→ **TASK BRIEF**
Exact copies of all the lines below are needed, without the pictures.
▽
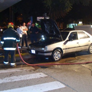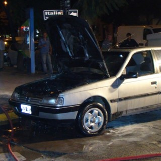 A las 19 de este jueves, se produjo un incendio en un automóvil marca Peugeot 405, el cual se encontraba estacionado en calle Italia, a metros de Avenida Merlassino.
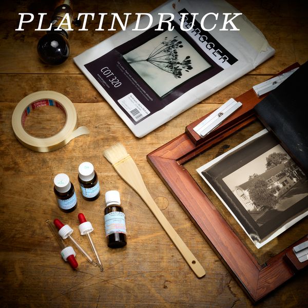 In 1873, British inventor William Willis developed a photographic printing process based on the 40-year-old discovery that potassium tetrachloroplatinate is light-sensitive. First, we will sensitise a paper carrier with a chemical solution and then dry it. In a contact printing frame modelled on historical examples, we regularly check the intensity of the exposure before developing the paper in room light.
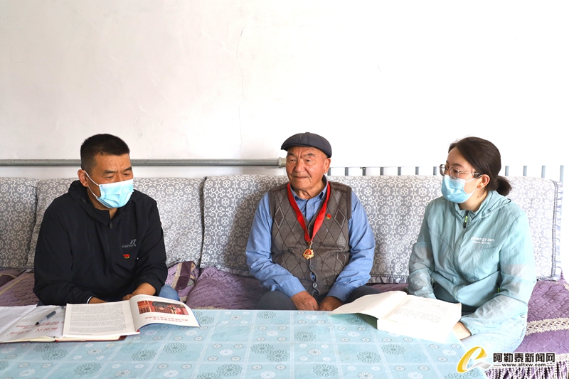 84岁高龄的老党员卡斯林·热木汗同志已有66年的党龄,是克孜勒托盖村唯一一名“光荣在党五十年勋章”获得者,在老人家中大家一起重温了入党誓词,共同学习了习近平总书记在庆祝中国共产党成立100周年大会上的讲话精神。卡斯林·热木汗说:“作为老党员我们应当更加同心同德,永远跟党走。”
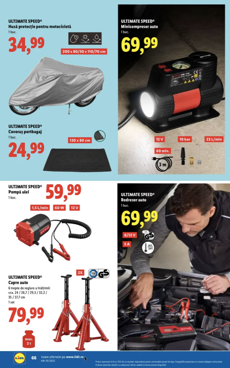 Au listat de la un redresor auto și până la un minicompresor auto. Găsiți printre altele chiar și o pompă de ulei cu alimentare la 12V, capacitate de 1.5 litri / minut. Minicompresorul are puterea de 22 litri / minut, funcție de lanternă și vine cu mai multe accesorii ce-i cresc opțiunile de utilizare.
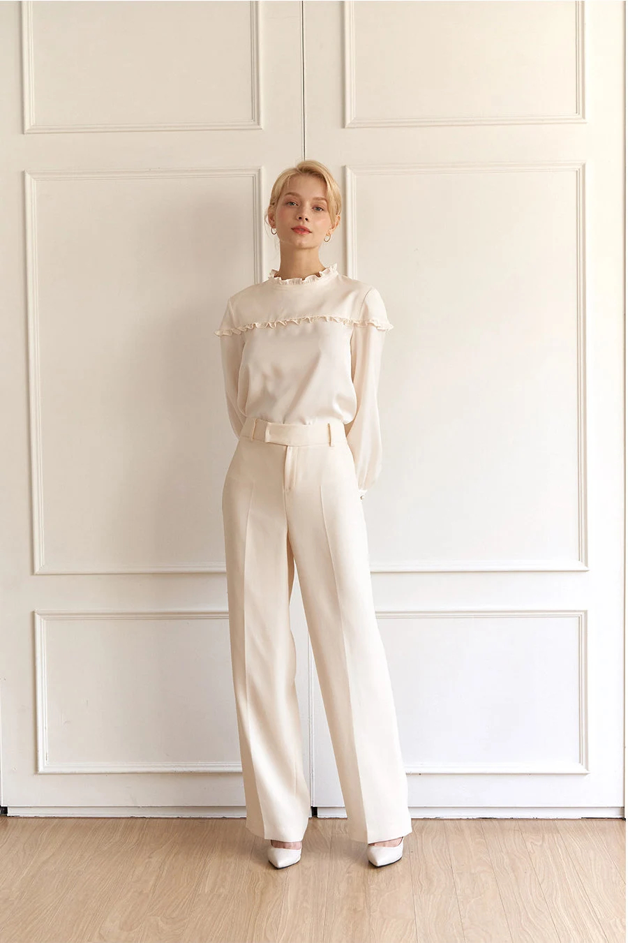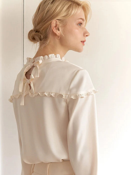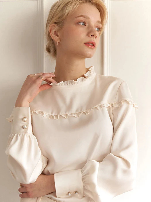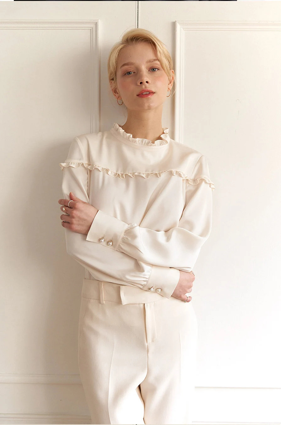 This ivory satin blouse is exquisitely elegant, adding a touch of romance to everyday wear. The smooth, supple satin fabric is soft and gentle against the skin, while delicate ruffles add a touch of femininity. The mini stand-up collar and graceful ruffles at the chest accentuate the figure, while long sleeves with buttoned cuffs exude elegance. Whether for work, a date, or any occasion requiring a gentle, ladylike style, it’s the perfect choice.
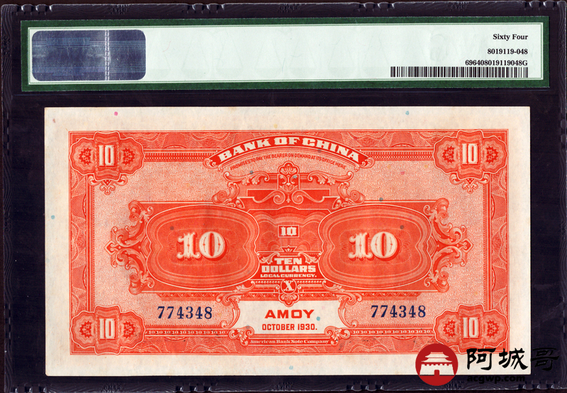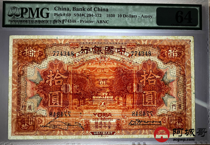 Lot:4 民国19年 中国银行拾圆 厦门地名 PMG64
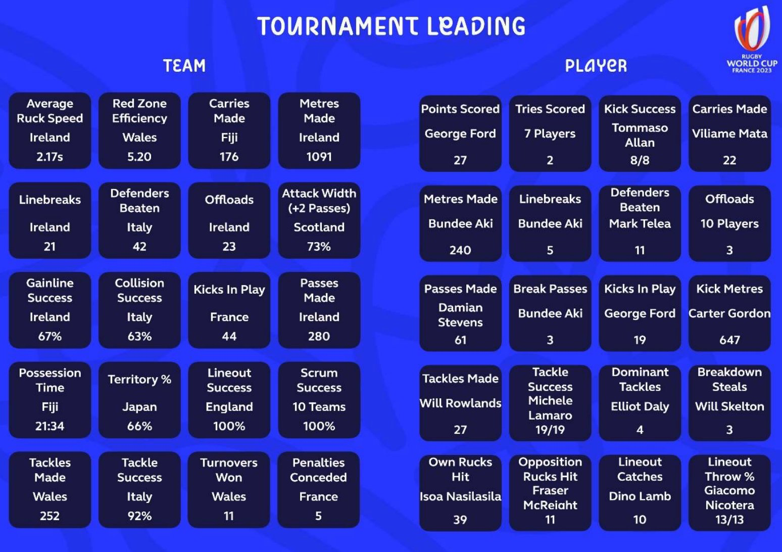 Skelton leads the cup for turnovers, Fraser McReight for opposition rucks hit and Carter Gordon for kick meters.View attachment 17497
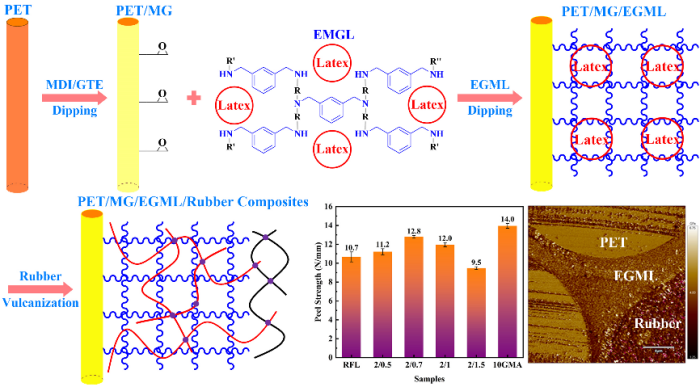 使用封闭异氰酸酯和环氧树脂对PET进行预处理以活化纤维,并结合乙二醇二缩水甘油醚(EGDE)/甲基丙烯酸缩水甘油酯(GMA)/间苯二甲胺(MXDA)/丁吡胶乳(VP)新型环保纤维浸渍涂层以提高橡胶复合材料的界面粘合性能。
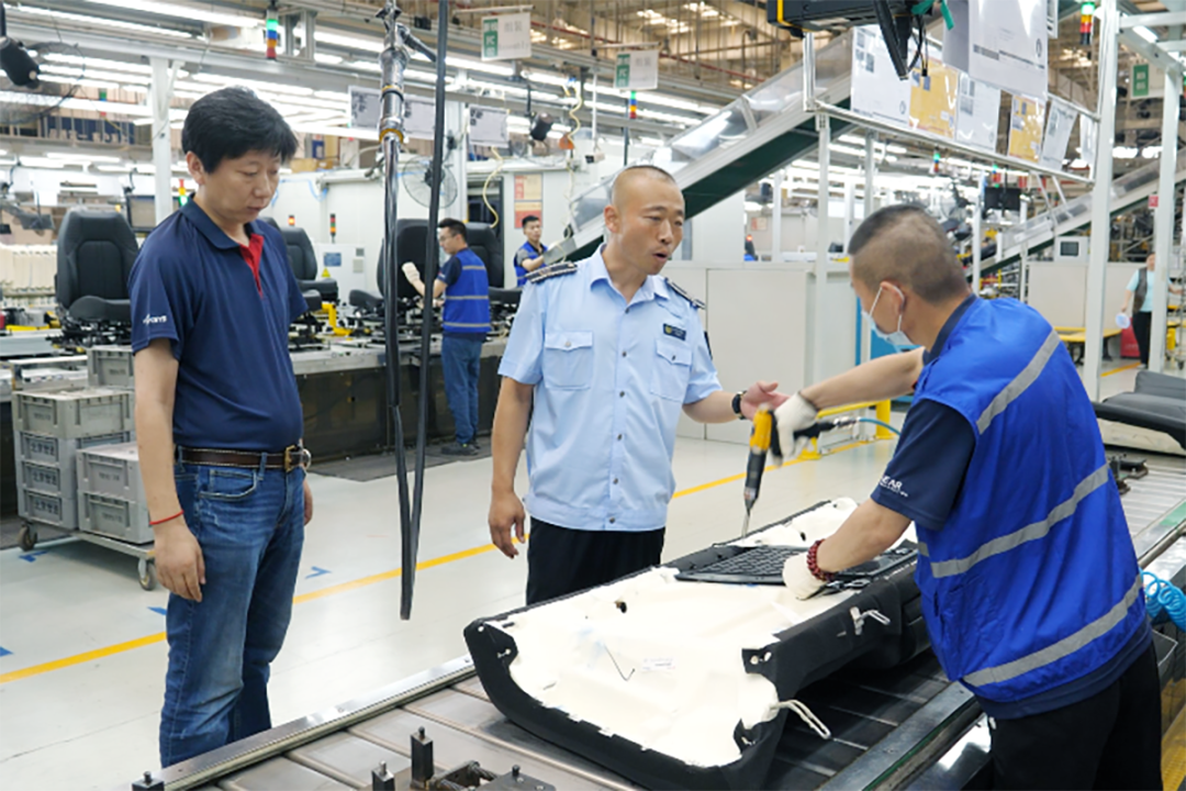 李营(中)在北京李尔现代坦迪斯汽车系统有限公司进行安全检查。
△
→ **FINAL ANSWER**
 A las 19 de este jueves, se produjo un incendio en un automóvil marca Peugeot 405, el cual se encontraba estacionado en calle Italia, a metros de Avenida Merlassino.
 In 1873, British inventor William Willis developed a photographic printing process based on the 40-year-old discovery that potassium tetrachloroplatinate is light-sensitive. First, we will sensitise a paper carrier with a chemical solution and then dry it. In a contact printing frame modelled on historical examples, we regularly check the intensity of the exposure before developing the paper in room light.
 84岁高龄的老党员卡斯林·热木汗同志已有66年的党龄,是克孜勒托盖村唯一一名“光荣在党五十年勋章”获得者,在老人家中大家一起重温了入党誓词,共同学习了习近平总书记在庆祝中国共产党成立100周年大会上的讲话精神。卡斯林·热木汗说:“作为老党员我们应当更加同心同德,永远跟党走。”
 Au listat de la un redresor auto și până la un minicompresor auto. Găsiți printre altele chiar și o pompă de ulei cu alimentare la 12V, capacitate de 1.5 litri / minut. Minicompresorul are puterea de 22 litri / minut, funcție de lanternă și vine cu mai multe accesorii ce-i cresc opțiunile de utilizare.
 This ivory satin blouse is exquisitely elegant, adding a touch of romance to everyday wear. The smooth, supple satin fabric is soft and gentle against the skin, while delicate ruffles add a touch of femininity. The mini stand-up collar and graceful ruffles at the chest accentuate the figure, while long sleeves with buttoned cuffs exude elegance. Whether for work, a date, or any occasion requiring a gentle, ladylike style, it’s the perfect choice.
 Lot:4 民国19年 中国银行拾圆 厦门地名 PMG64
 Skelton leads the cup for turnovers, Fraser McReight for opposition rucks hit and Carter Gordon for kick meters.View attachment 17497
 使用封闭异氰酸酯和环氧树脂对PET进行预处理以活化纤维,并结合乙二醇二缩水甘油醚(EGDE)/甲基丙烯酸缩水甘油酯(GMA)/间苯二甲胺(MXDA)/丁吡胶乳(VP)新型环保纤维浸渍涂层以提高橡胶复合材料的界面粘合性能。
 李营(中)在北京李尔现代坦迪斯汽车系统有限公司进行安全检查。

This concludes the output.